ASSIGNED TASK:
The output should be every line below, retyped exactly, with no images.

DATA BELOW:
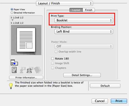 In [Print Type:] in [Layout / Finish], select [2-Sided]. [2-Sided] is specified by default.
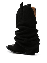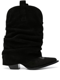 Low Rider distressed cowbody boots Highlights - Black - Calf suede - Cuban heel - Double pull-tab at the opening - Branded footbed - Decorative stitching - Pointed toe Made in Italy Composition Suede 100% SIZE & FIT Measurement CIRCUMFERENCE 6.29 in(16 cm) HEEL 2.16 in(5.5 cm) HEIGHT 10.23 in(26 cm) Sole height 0.78 in(2 cm)
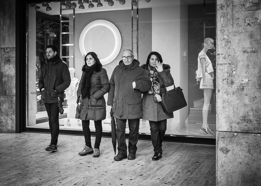 Mi fa pensare ad un ritratto di famiglia in esterno.Credo siano tutti consapevoli dello scatto,la signora accenna un gesto forse di gentile diniego ma potrebbe essere anche un cenno di saluto,il viso è atteggiato a sorriso.L'uomo guarda diretto in macchina con una espressione indecifrabile tra il contrariato,l'indagatore o il compiaciuto.La coppia più giovane cerca di ignorarti volgendo lo sguardo altrove.La presenza del manichino aggiunge un che di surreale.Bello il bn.Mi piace!  |
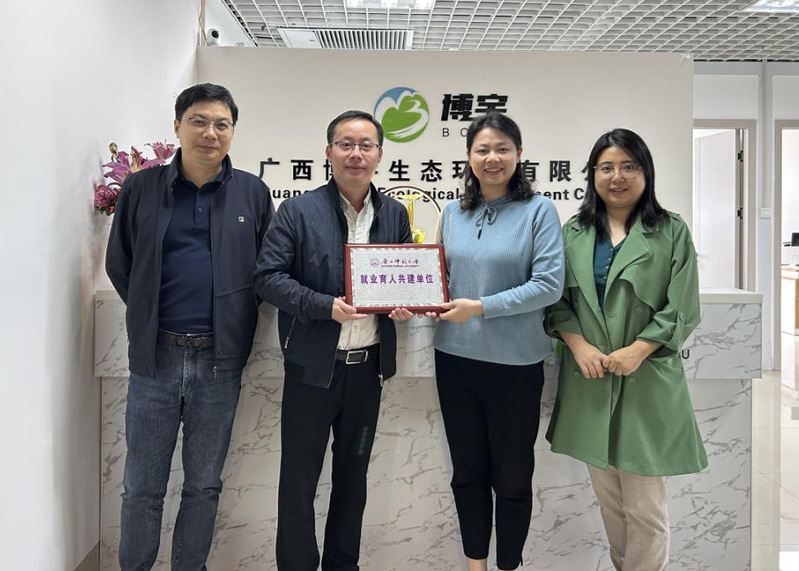 为进一步扩宽就业市场,发挥企业资源辐射作用,生命科学学院相关负责人前往广西漫越环保科技有限公司、广西博宇生态环境有限公司开展访企拓岗活动,并召开就业专题座谈会,会上,双方负责人就校企合作、人才培养、实践基地、资源共享、实习实训等方面达成合作共识,并分别同广西漫越环保科技有限公司、广西博宇生态环境有限公司签订《广西师范大学就业创业战略合作协议》,并举行广西师范大学就业创业共建单位授牌仪式,共同构建高质量人才培养体系,促进更深层次互动。

WRITTEN RESPONSE:
 In [Print Type:] in [Layout / Finish], select [2-Sided]. [2-Sided] is specified by default.
 Low Rider distressed cowbody boots Highlights - Black - Calf suede - Cuban heel - Double pull-tab at the opening - Branded footbed - Decorative stitching - Pointed toe Made in Italy Composition Suede 100% SIZE & FIT Measurement CIRCUMFERENCE 6.29 in(16 cm) HEEL 2.16 in(5.5 cm) HEIGHT 10.23 in(26 cm) Sole height 0.78 in(2 cm)
 Mi fa pensare ad un ritratto di famiglia in esterno.Credo siano tutti consapevoli dello scatto,la signora accenna un gesto forse di gentile diniego ma potrebbe essere anche un cenno di saluto,il viso è atteggiato a sorriso.L'uomo guarda diretto in macchina con una espressione indecifrabile tra il contrariato,l'indagatore o il compiaciuto.La coppia più giovane cerca di ignorarti volgendo lo sguardo altrove.La presenza del manichino aggiunge un che di surreale.Bello il bn.Mi piace!  |
 为进一步扩宽就业市场,发挥企业资源辐射作用,生命科学学院相关负责人前往广西漫越环保科技有限公司、广西博宇生态环境有限公司开展访企拓岗活动,并召开就业专题座谈会,会上,双方负责人就校企合作、人才培养、实践基地、资源共享、实习实训等方面达成合作共识,并分别同广西漫越环保科技有限公司、广西博宇生态环境有限公司签订《广西师范大学就业创业战略合作协议》,并举行广西师范大学就业创业共建单位授牌仪式,共同构建高质量人才培养体系,促进更深层次互动。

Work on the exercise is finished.